The Mac mini upgrade was a no brainer. For my needs, I don’t need an uber box and the performance it offered would be a huge increase over the G4. The mini itself isn’t the problem though. The issue is Snow Leopard Server (SLS). The irony is that as with all Mac OS X Server releases dating back to Rhapsody, I’ve been involved in every single one of those software seeds. It was also through this testing that I personally never upgraded to anything beyond Tiger Server as there were some design decisions which I just personally did not care for. When I bought my first Mac Pro (the 2.66GHz quad Xeon) in 2006, it stayed on Mac OS X 10.4.11. When I upgraded to the 3.33GHz hexacore Mac Pro, I begrudgingly accepted that I had to use Snow Leopard. If I could, I would run Tiger Server on this mini even if it is EOL’d and Apple no longer provides security updates for it. Unfortunately, the minimum system is 10.6.3 so I’ve little choice in the matter unless I go and buy one of those pre-2007 systems.

Now routing (IP forwarding in my case) should be a pretty much a no brainer to implement given Mac OS X is all BSD Unix underneath. It’s worked without fail for me from OS X 10.1 to 10.4.11 in both client and server versions. Unfortunately, Apple sometimes adds things which breaks the way things are supposed to work. One of those things is scoped routing and as I ended up finding out, I’m not the only one having problems with using Snow Leopard Server to do very simple basic routing. Again, the irony is I was part of the Snow Leopard Server testing BUT I only tested it as a standalone server and never its routing and NAT functionality as I assumed (yes, I know – dangerous to assume anything) it wouldn’t be much different than previous versions. Turns out I was very wrong.

To make a long story short, after migrating everything over, I suddenly found every single client system on my internal network having issues with loading web sites completely. Trying to download anything like a small 1mb zip archive also turned into a nightmare where the connection would eventually just timeout and the download would fail. Initially, I thought there might be a misconfiguration in the firewall and went over its configuration carefully.
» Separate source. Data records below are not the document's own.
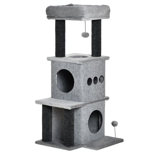 - Multi-équipement : 2 grandes niches avec housses amovibles, 4 plateformes dont une grande et haute d'observation, jeu de boule suspendue et boule à ressort, griffoirs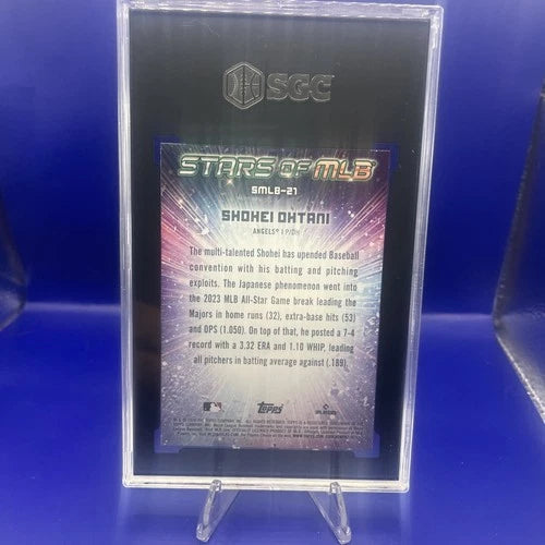 The product is a sports trading card featuring Japanese professional baseball player Shohei Ohtani. As a highly collectible item, this card is sought after by fans and collectors alike for its rarity and association with a talented athlete. Fans of Ohtani and collectors of sports memorabilia would be interested in adding this card to their collection to celebrate the player's achievements in the sport.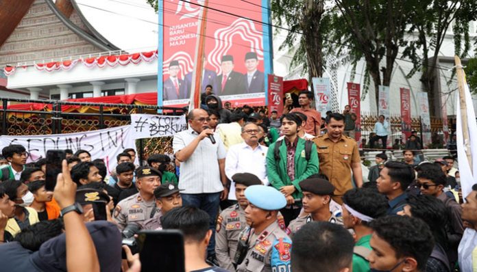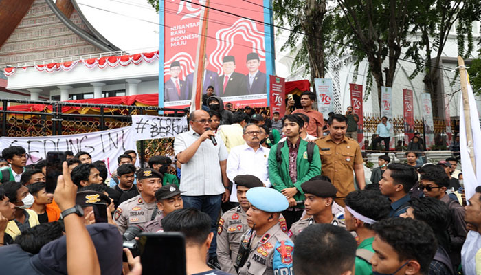 Aksi Demo Kawal Keputusan MK, Ketua DPRD Sumbar Temui Pengunjuk Rasa dan Beri Motivasi

That wasn’t the problem though.

Doing a simple search led me to this kernel parameter; net.inet.ip.scopedroute on Apple’s discussion forums and it seemed to be affecting those trying to use SLS to either do just IP forwarding or also NAT (under certain configurations which cannot be setup using Gateway Assistant). Turns out Apple introduced source based routing (simply put, the notion of a single default gateway no longer exists) in Snow Leopard (this kernel parameter does not exist in Mac OS X 10.4 and was disabled in 10.5). IP forwarding and NAT just worked in Tiger Server and earlier (I’ve never used Leopard Server and up until this migration, Snow Leopard Server in a production setting). Attempting to disable scoped (aka source based) routing via sysctl -w net.inet.ip.scopedroute=0 should in theory, make routing work the way it did in earlier versions of Mac OS X. Unfortunately, it didn’t and routing would break after 15 minutes. And if it did keep working, the same slow performance issues on client machines would remain making SLS as a router solution totally useless. After trying various voodoo troubleshooting tips, I threw in the towel. I wasn’t about to waste time running tcpdump and analyzing where those packets were going or trying to set static routes to force the issue. If it gets to that level, I might as well move to a dedicated hardware router…. or maybe just go back to what did work in the first place.

So temporarily, I moved the routing and firewall functions back to my G4 where it is working just fine and dandy. The mini with SLS is basically just handling the web server now and my earlier hopes of gracefully retiring that workhorse G4 has been put on hold. All I can say is unfrickinbelievable. I ended up wasting an incredible amount of time prepping that system (recompiling programs and libraries) to take over everything only to find it has issues not unique to me. Rhetorical question but…. what happened to “it just works” Apple? Something as simple and basic as NAT should just work out of the box by turning it on.  But it is unusable in SLS unless setup via the Gateway Assistant (which in my case, is useless because I need more control over what Apple provides – see followup at the end of this post). Apple’s forte used to be making complicated stuff just work out of the box but this recent trend of changing things just for the sake of change and making it somewhat more aggravating to work with (Mission Control in Lion is one of those) is off putting to this long term user and AAPL shareholder.

I suppose this is one of the many reasons why they have trended away from the enterprise (discontinuation of the Xserve and the way Lion Server is being developed and marketed). Frankly, that writing was on the wall when they stopped eating their own dog food to power some of their own backend services over the past few years (at least as far as being the primary hardware and OS). And with iCloud on the horizon and Apple not utilizing their own hardware and software, more so would they take flack for not using Xserve and Mac OS X Server in their data center (thus re-enforcing the discontinuation of that product).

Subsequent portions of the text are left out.